Instructions to follow: Each line in the material below must be transcribed exactly; no picture belongs in the copy.

Data extract:

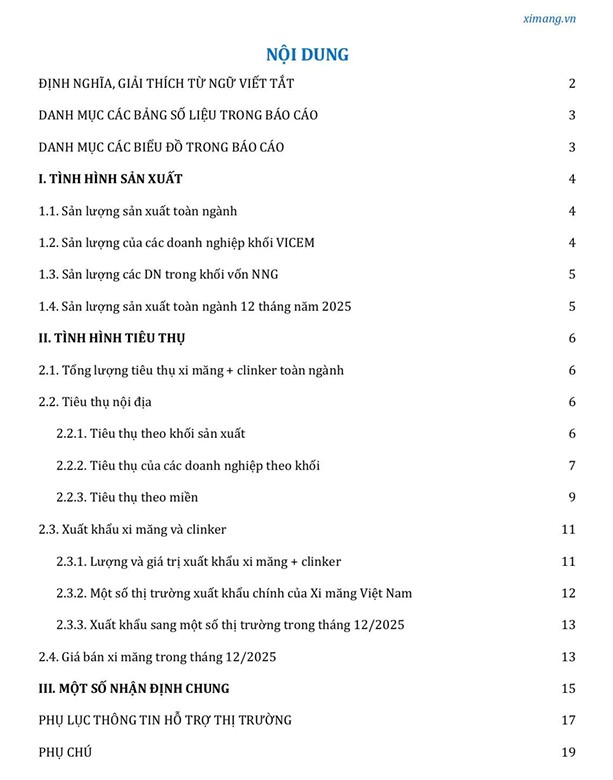 Báo cáo Tình hình Sản xuất và Tiêu thụ Xi măng Việt Nam tháng 12/2025 (Monthly Cement Report - MCR 12/2025) do Trung tâm Thông tin và Dữ liệu Xi măng (CIDC) tổng hợp và biên soạn, cung cấp cho độc giả chuyên ngành bức tranh đầy đủ và cập nhật về diễn biến thị trường xi măng trong tháng cuối cùng của năm 2025.
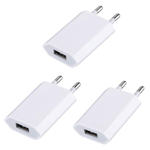 Waytex Set med 3 USB A-laddare, 5 V, 1A, universell USB-nätladdare för iPhone, iPad, Android Smartphone, Smartwatch, Surfplatta, hörlurar, svart
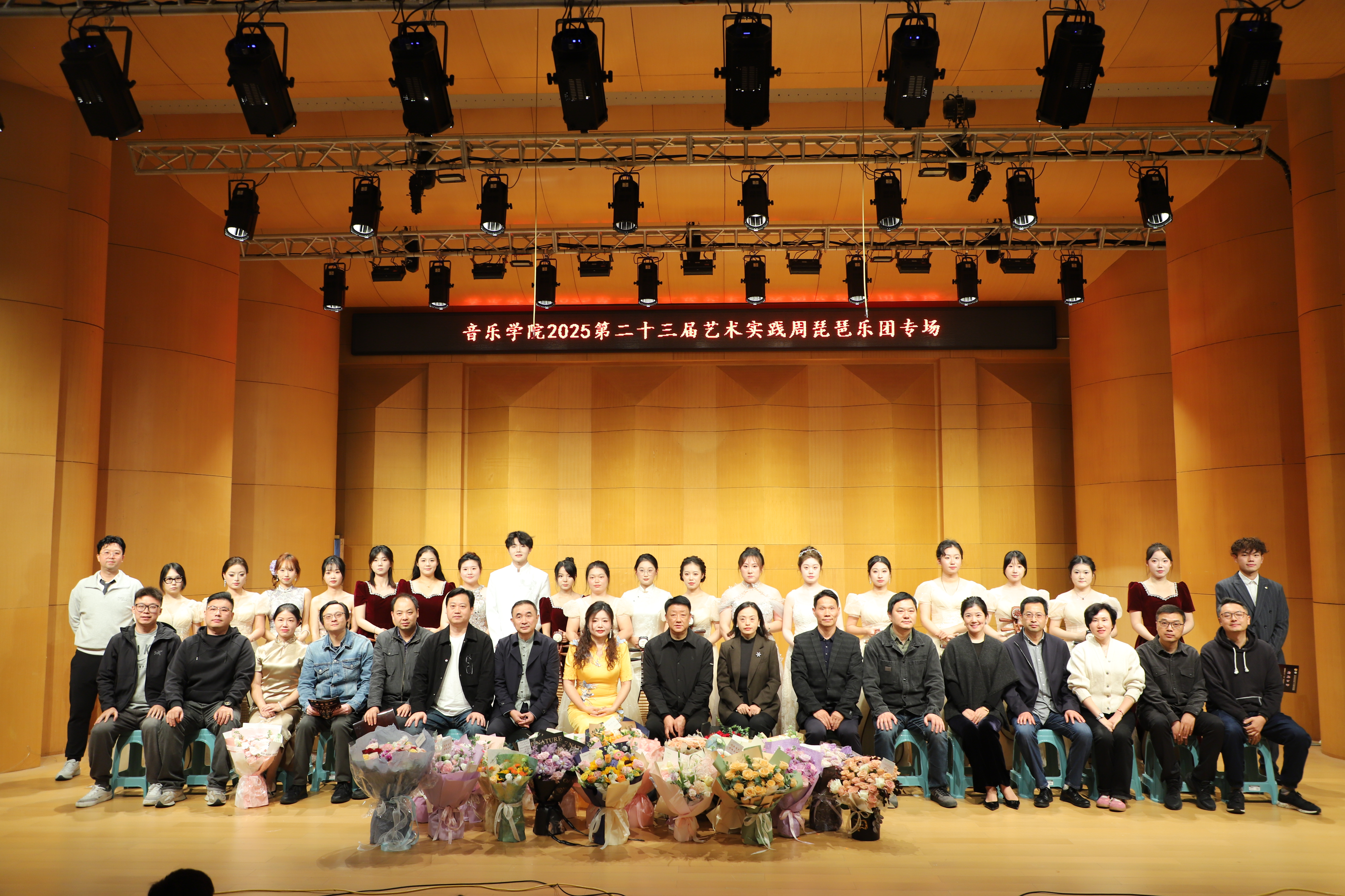 张迎春、李春犁携手演绎琵琶协奏《云想花想》,二者琴瑟和鸣,仿佛与听众一齐见证牡丹绽放的倾城之美,将音乐会氛围推向高潮。全体师生共同演奏的《十面埋伏》与《我和我的祖国》,以磅礴气势与深情旋律收尾,赢得全场掌声。

Result of the exercise:
 Báo cáo Tình hình Sản xuất và Tiêu thụ Xi măng Việt Nam tháng 12/2025 (Monthly Cement Report - MCR 12/2025) do Trung tâm Thông tin và Dữ liệu Xi măng (CIDC) tổng hợp và biên soạn, cung cấp cho độc giả chuyên ngành bức tranh đầy đủ và cập nhật về diễn biến thị trường xi măng trong tháng cuối cùng của năm 2025.
 Waytex Set med 3 USB A-laddare, 5 V, 1A, universell USB-nätladdare för iPhone, iPad, Android Smartphone, Smartwatch, Surfplatta, hörlurar, svart
 张迎春、李春犁携手演绎琵琶协奏《云想花想》,二者琴瑟和鸣,仿佛与听众一齐见证牡丹绽放的倾城之美,将音乐会氛围推向高潮。全体师生共同演奏的《十面埋伏》与《我和我的祖国》,以磅礴气势与深情旋律收尾,赢得全场掌声。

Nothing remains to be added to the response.